Open sources licenses still not understood (by Hiscox, at least)

Insurance company Hiscox has posted a misleading article on “the advantages and risks of open source software” in its “small business knowledge centre”. It is not clear who the article is aimed at, the explanations of legal issues are unclear, and the discussion of security issues irrelevant. They could have saved themselves from looking foolish if they had asked some with some technical knowledge and familiarity with the licences to review the article.The first problem is that it appears to be aimed at people making the decision about whether or not to write proprietary software on an open source platform, or creating a proprietary fork (separately developed version) of existing open source software. However it explains:

Source code is the text commands that tell a software program what to do. Whereas software from the likes of Microsoft contains secret source code that is developed and maintained by the company’s own programmers, in open source code software the lines of code are open for every programmer to view, use, modify and improve.

All perfectly correct, but if a developer, or even a manager, of a small software business does not know what source code it, they have a serious problem.

It then goes on, quite correctly, to explain that open source software is covered by copyright, and license terms must be followed, but its explanation of the terms and the legal consequences is rather poor:

They stipulate that any software created from, or even containing, lines of their open source code must be made publicly available to all other developers.

This, in practice, means one of the GPL licences. This misleading as the criterion is not that the software “contains” lines of code. The commonest version of it is that:

any work that you distribute or publish, that in whole or in part contains or is derived from the Program or any part thereof

This can included works that link to GPL libraries (although not if the library uses the LGPL variant), or that is for some reason a derived work (as defined by copyright law). That said, proprietary equivalents also have licences, that can be even more complex.

There are, at a conservative estimate, around 70 licences governing the use of open source code

True, but only a handful are widely used: versions two and three of the GPL license and its LGPL variant, the Apache license, the MIT and BSD licenses (which are very similar), and, perhaps, the Mozilla Public License.

It is also misleading about the legal consequences of a breach:

you may be forced to make freely available the software that you’ve slaved over. Although the licences may not actually preclude you from trying to sell that software also, if users know they can get it for free then they have much less incentive to buy it from you.

Not true, because you have other options. You have to stop distributing the software or open the source code or get a license for use in a proprietary application. You may have to pay damages for breach of copyright, but this rarely happens.
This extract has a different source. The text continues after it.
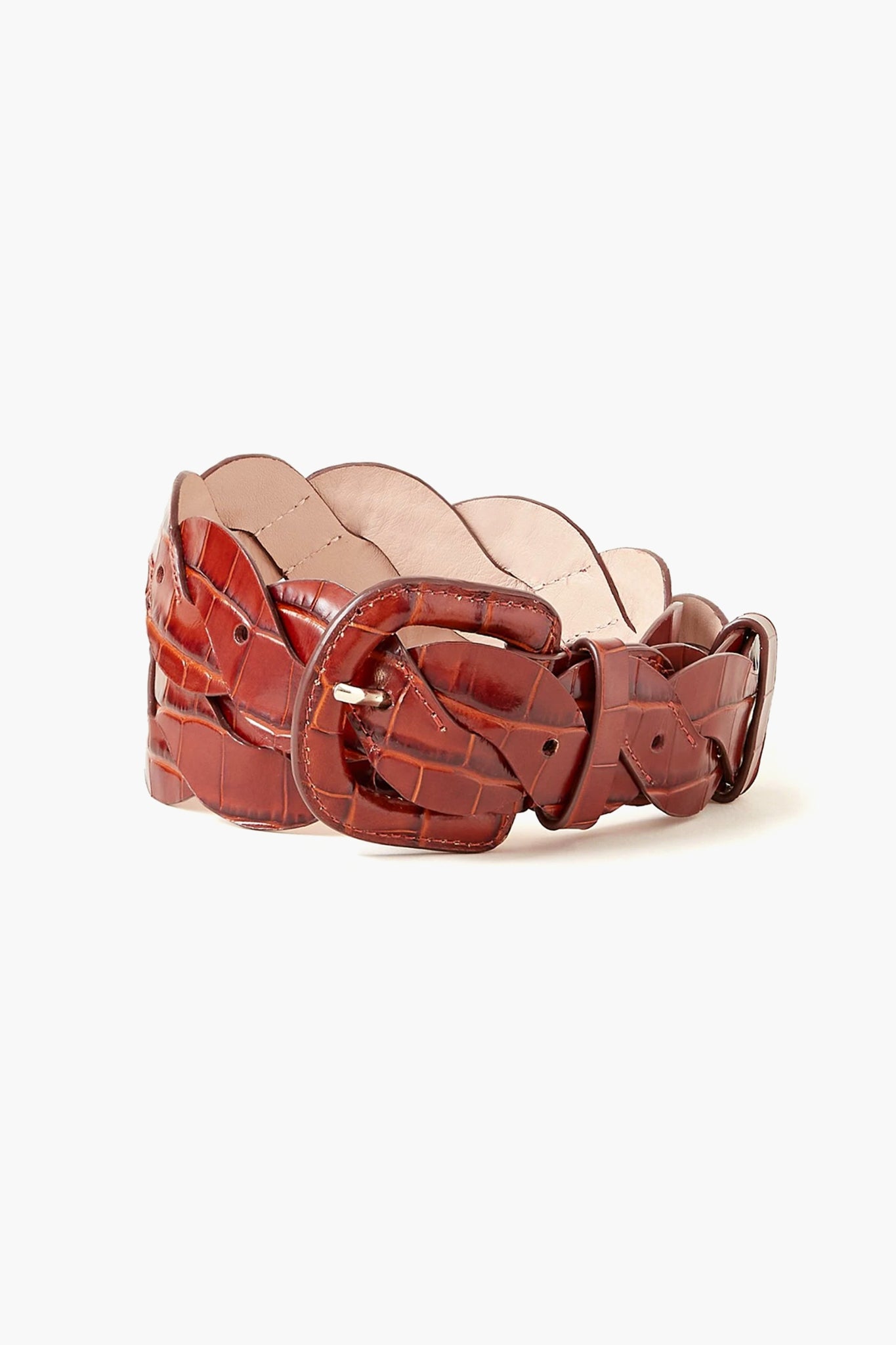 Loeffler Randall is a female-founded brand known for expertly designed shoes and accessories that have soul and a story to tell. The Chestnut Deidre Wavy Pieced Belt is scallop-woven in chestnut croc-embossed leather with a wrapped buckle. Pair with dresses and skirts to elevate your look!

If you can sell your software as web app (installed on your own servers) the GPL does not restrict your sales at all (because you are not distributing it outside your own organisation) unless it uses the fairly rare Affero GPL variant. You may be able to negotiate a commercial license from the copyright holder to use the open source code in your proprietary app (some open source developers base their business model on this).
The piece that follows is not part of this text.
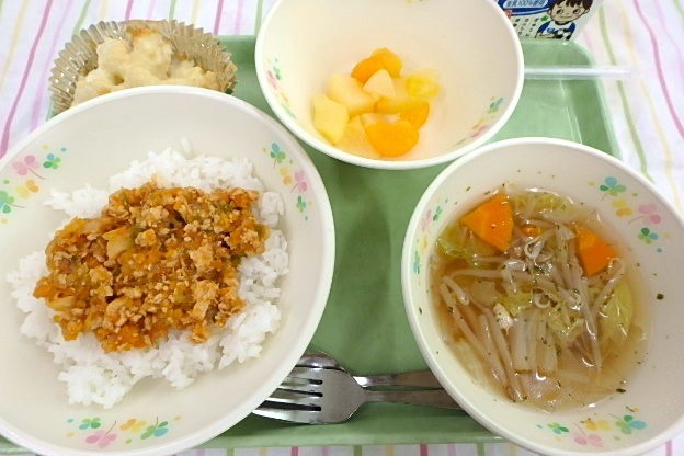 タコライスは本来キャベツは別に盛り付けますが、給食では混ぜて作りました。

The article then goes on to cover “virus problems”, but the author does not seem to know what a virus is. He refer to ” the recent Shellshock and Heartbleed viruses”. Neither Heartbleed nor Shellshock were viruses: they were vulnerabilities (holes that could be used to infect a system with a virus, among other ways of attacking a system).
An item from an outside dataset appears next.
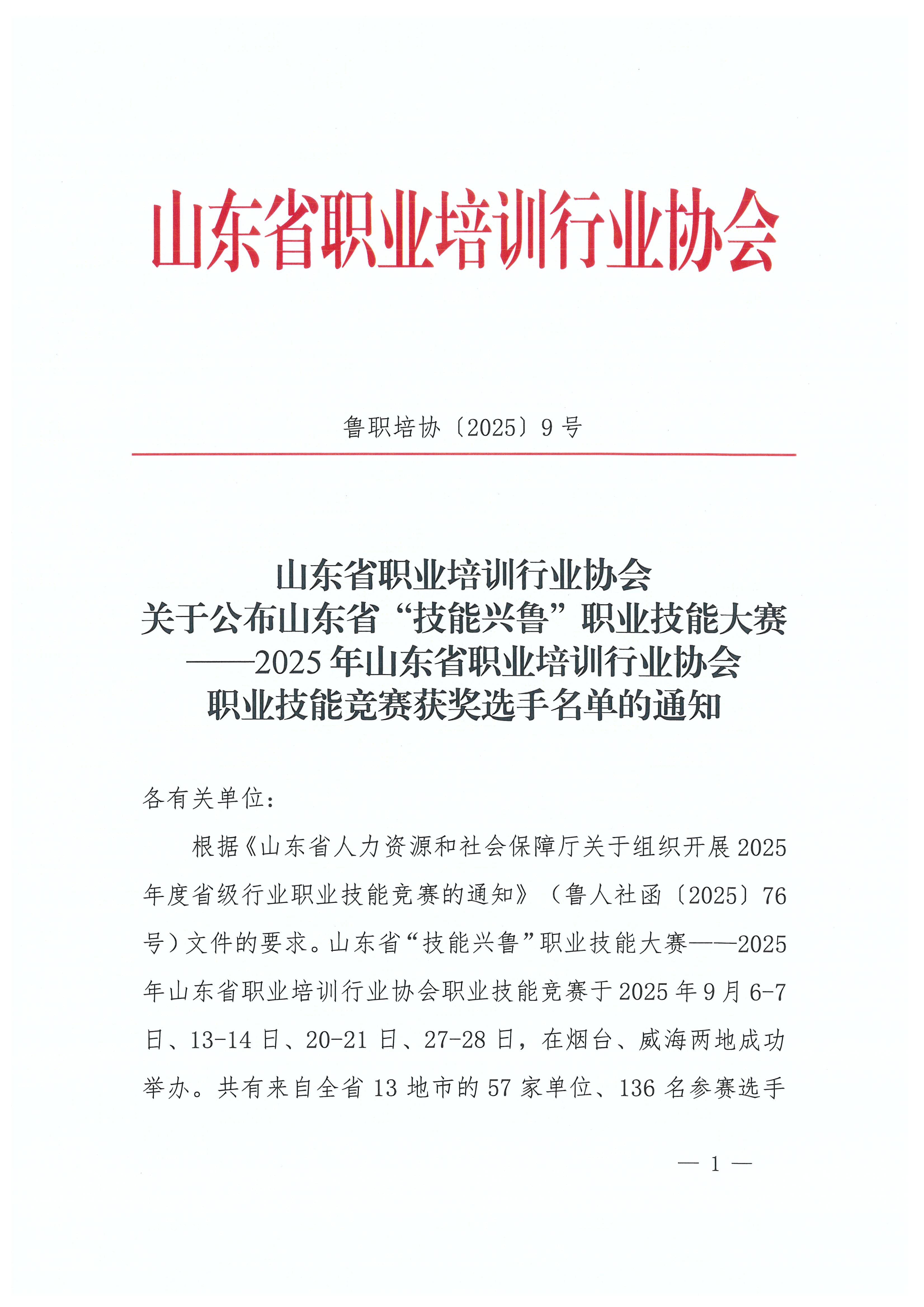 关于公布山东省“技能兴鲁”职业技能大赛——2025年山东省职业培训行业协会职业技能竞赛获奖选手名单的通知

If a bug in your software introduces a virus into your client’s systems then you’ll not only face acute professional embarrassment, but also a potential negligence lawsuit.

The first problem with this, is that it could happen with a proprietary library or platform as well. Unless you write everything from scratch, using no external libraries (which is usually impossible) whatever third part software may have security issues. Going by track records, using open source will reduce this risk.

The other problem is that the risk of a negligence lawsuit is tiny. Heart-bleed affected most of the world’s secure web servers (i.e. any page with an address starting “https” and showing that lock icon in web browser). It affected banking sites, and other things people depend on. There were similar bugs found in other major encryption libraries, both proprietary and open source (Apple’s, Microsoft’s, and Mozilla’s).  How many lawsuits resulted? The only one I am aware of was against the NSA who knew about the problem but failed to warn people, not against any software developer.

If there was a significant risk of being held responsible for security vulnerabilities, the software business would be very different, and several (if not most!) of the big software companies would have been sued into oblivion years ago. I am not suggesting that this would be a good thing, as strict security review for everything would make software development too expensive.

Similarly with Shell Shock, except that it is a less widespread thread. The ways I can think of it happening are an insecure server configuration (which can happen with proprietary software) together with user data passed to a newly started process (probably a CGI script started with Bash), or through failure to sanitize user input, or writing a CGI script in Bash (why would anyone do that?).

The useful information in this article can be summarised as “if you use open source libraries or code, check the licences, and, in particular, make sure you comply with GPL terms on distribution and Apache terms on patents”. That, and a link to the GPL FAQ would tell most people what they need to know.